Lange Zeit vor der Entstehung der zionistischen jüdischen Bewegung zur Rückkehr nach Zion am Ende des 19. Jahrhunderts, war der christliche Glaube an den Gedanken einer Rückkehr und die Unterstützung dieser Idee klar erkenntlich. Vor allem in Gross-Britannien wurden wichtige, frühe Beträge dazu geleistet. Andere Staaten folgten, insbesondere Amerika. Die Anregung für die Unterstützung und das Verständnis der Rückkehrbestrebungen waren im christlichen Glauben selbst zu finden. Als die moderne Idee einer Rückkehr sich bei den Juden in eine politische und praktische Bewegung entwickelte, die in der Gründung des Staates Israel mündete, befanden sich unter den Befürwortern viele Christen, die dem jungen Staat auf seinem steinigen Weg wichtige Dienste erwiesen. Es ist wohl ironisch festzustellen, dass die Rückkehr der Juden in ihre ursprüngliche Heimat zu einem bemerkenswerten Teil durch den Beitrag der Religion gefördert wurde, die die Juden den Völkern der Welt übergeben hatten.

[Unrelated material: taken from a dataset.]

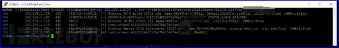 模拟红队使用crackmapexec套件工具,利用已获得账号及其哈希值,进行哈希传递攻击。下图显示发现有两个系统存在相同的账号密码。
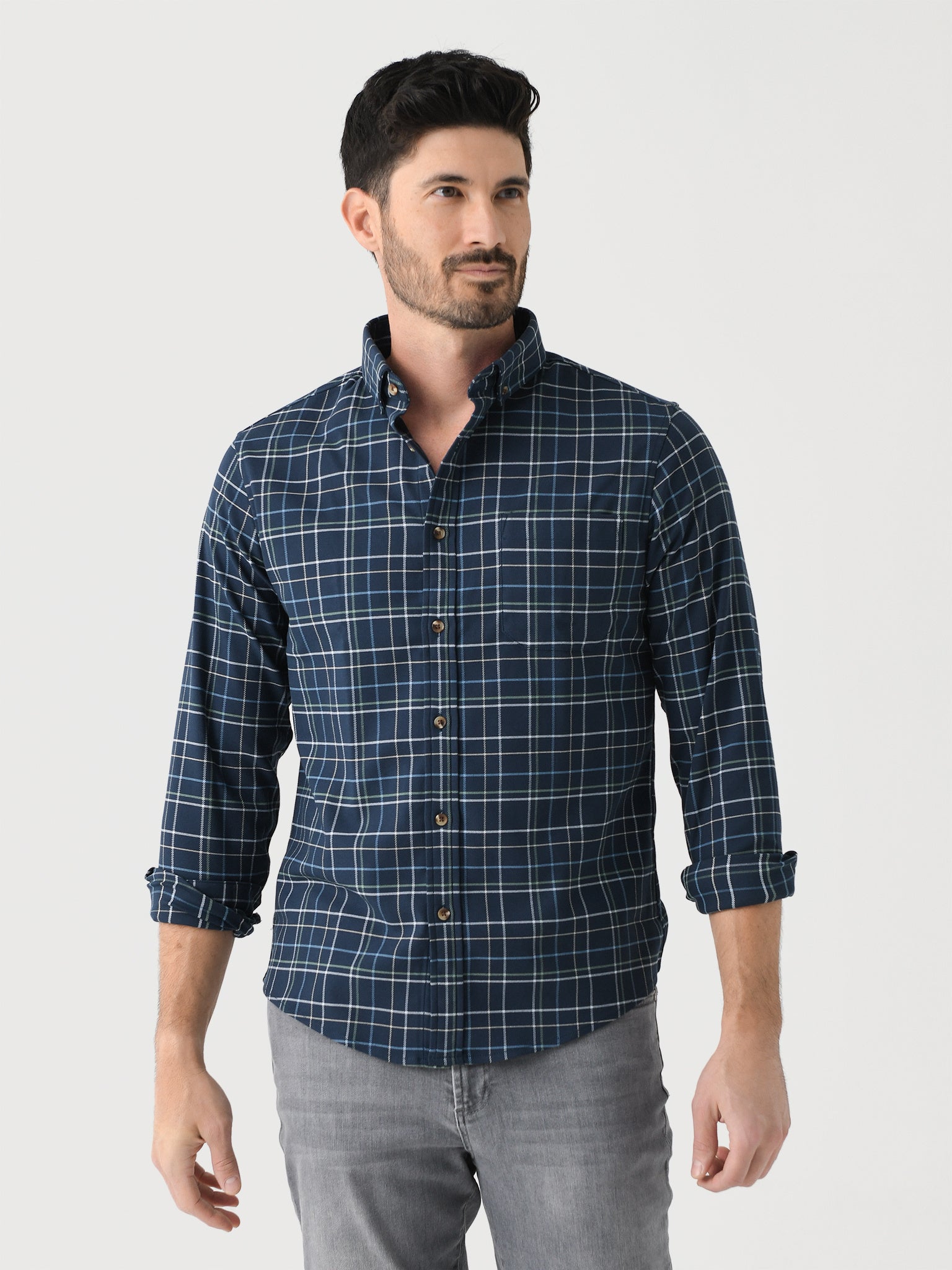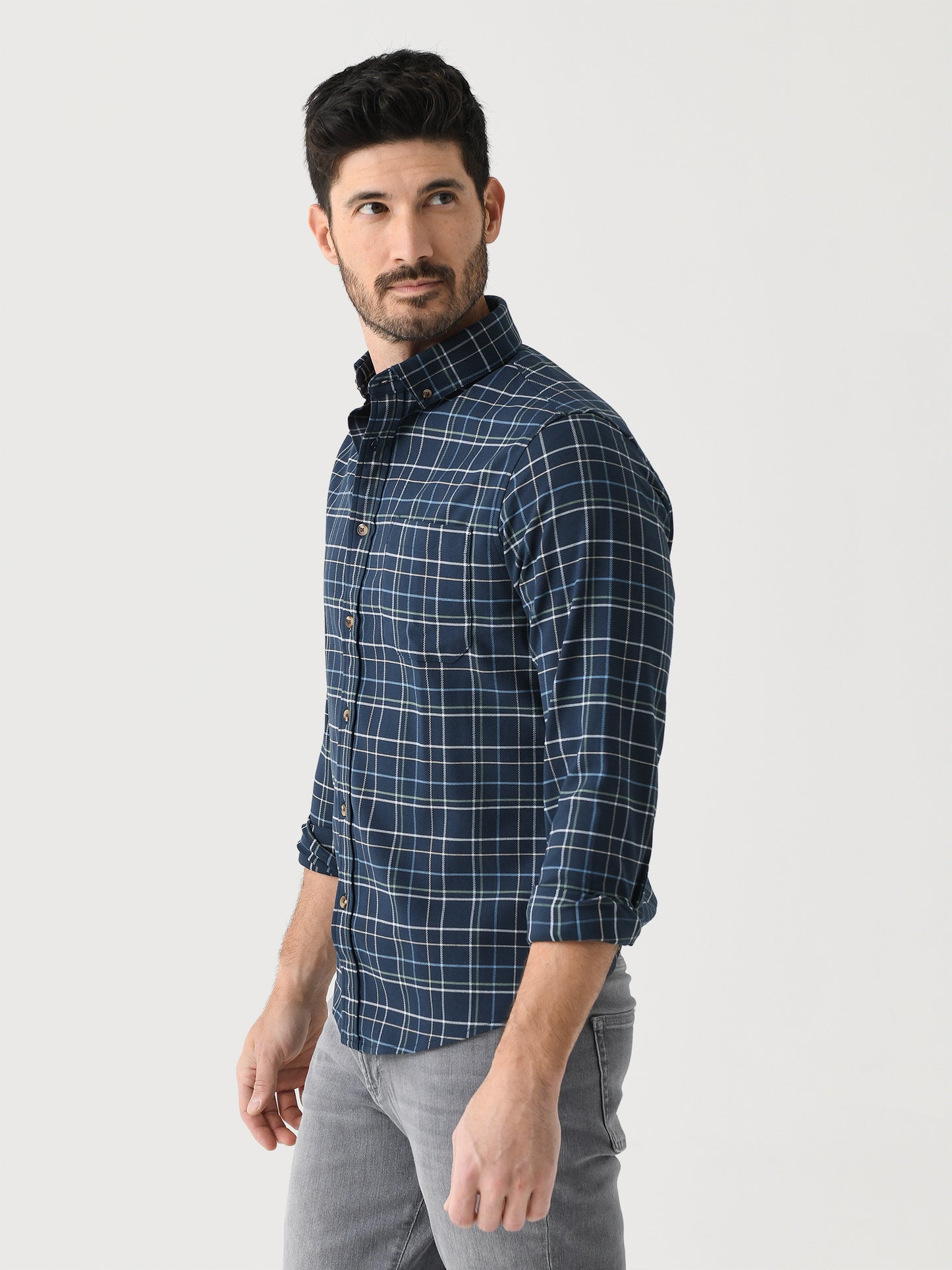 A lightweight button-down shirt made from performance twill flannel fabric with a moisture-wicking finish.

Der jüdischen Staat im Land Israel hat die uralte und andauernde Beziehung zwischen Christen und Juden intensiviert. Der Dialog zwischen den beiden Religionen hat in der Vergangenheit oft unzulässige und erbärmliche Züge angenommen; zwei wichtige historische Ereignisse, die beide gegen Ende der ersten Hälfte des 20. Jahrhunderts stattfanden, bilden einen entscheidenden Wendepunkt: der Holocaust, im dem  über einem Drittel des jüdischen Volkes vernichtet wurde und die Gründung des jüdischen Staates. Diese Ereignisse bildeten einen Wendepunkt in der Substanz und dem Tenor des Dialogs. Diese Wende wurde von der 1965 getroffenen Entscheidung des zweiten vatikanischen Konzils, die Juden ein für alle Mal von der Schuld des Deizids zu befreien, stark unterstrichen. Darüberhinaus gibt es die harten und sichtbaren Tatsachen des Lebens in Israel und in Jerusalem. Die Stadt ist ruhig, die Heiligen Stätten sind allen frei zugänglich; die christlichen Gemeinden blühen, die vielen Tausenden von christlichen Pilgern, die in jedem Jahr hierherkommen, erleben und bekunden von den Anfängen eines neuen Zeitalters.